NRF2 Dysregulation and Therapeutic Insights Across Chronic Kidney Diseases

Abstract

Chronic kidney disease (CKD) remains a global health burden, with limited therapeutic options that effectively target the underlying pathophysiology. Nuclear factor erythroid 2-related factor 2 (NRF2), a key regulator of oxidative stress and inflammation, has garnered significant attention as a potential therapeutic target in CKD. Despite encouraging preclinical results, no NRF2-targeted agents have achieved clinical approval for CKD treatment. This review synthesizes emerging evidence showing substantial heterogeneity in NRF2 activity across CKD subtypes, influenced by disease etiology, CKD stage, and rate of disease progression. We elucidate the key therapeutic implications across diverse CKD etiologies and highlight that the therapeutic efficacy of NRF2 activation depends on precise modulation tailored to disease context. Although NRF2 overactivation and the need for stage-dependent modulation are increasingly recognized, this review further delineates the consequences of indiscriminate NRF2 activation, demonstrating that its effects diverge across CKD etiologies and cellular contexts. These insights support a nuanced, context-specific approach to NRF2-targeted strategies and provide a framework to guide future drug development in CKD.

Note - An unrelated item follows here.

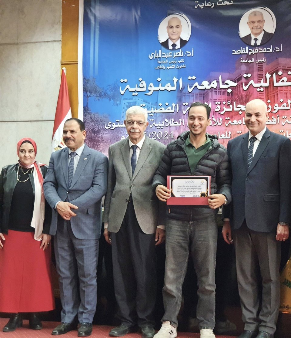 تقديرًا لحصول جامعة المنوفية على المركز الثاني (الفئة الفضية) في مسابقة أفضل جامعة في الأنشطة الطلابية على مستوى الجامعات المصرية للعام الجامعي 2024/2025، كرَّم السيد الأستاذ الدكتور/ أحمد فرج القاصد رئيس جامعة المنوفية مسئولي ومنسقي منصة الأنشطة الطلابية، وذلك تقديرًا لجهودهم المتميزة التي أسهمت في تحقيق هذا الإنجاز المشرف.

Keywords: CKD; NRF2; dysregulation; etiology; therapeutic.

Figure 1

Oxidative/electrophilic stress and NRF2/KEAP1 signaling pathway. Under basal conditions (green box), Kelch-like ECH-associated protein 1 (KEAP1) serves as an adaptor to link nuclear factor erythroid 2-related factor 2 (NRF2) to the ubiquitin ligase cullin3-ring box 1 (Cul3-Rbx1) complex and leads to proteasomal degradation of NRF2. Upon exposure to reactive oxygen species (ROS) or electrophiles (red box), key cysteine residues within KEAP1 undergo covalent modification, impairing its ability to repress NRF2. This disruption permits NRF2 accumulation, followed by its translocation into the nucleus, where it heterodimerizes with small musculo-aponeutoric fibrosarcoma (sMAF) and binds to the antioxidant response element (ARE) to initiate the transcription of cytoprotective phase II detoxifying enzymes (NADPH-dehydrogenase quinone 1 (NQO1), heme oxygenase-1 (HO-1), glutamylcysteine synthetase (GCS)). As a delayed response to oxidative/electrophilic stress (yellow oval), glycogen synthase kinase-3β (GSK-3β) is activated and phosphorylates Fyn kinase. Following this, nuclear translocation of phosphorylated Fyn and KEAP1 phosphorylates NRF2 at Tyr568, which results in NRF2 nuclear exporting and degradation. Additionally, NRF2 degradation is facilitated by prothymosin α-mediated nuclear translocation of INRF2. Together, these cytoplasmic and nuclear degradation mechanisms tightly regulate NRF2 levels, ensuring rapid termination of its transcriptional activity once homeostasis is restored.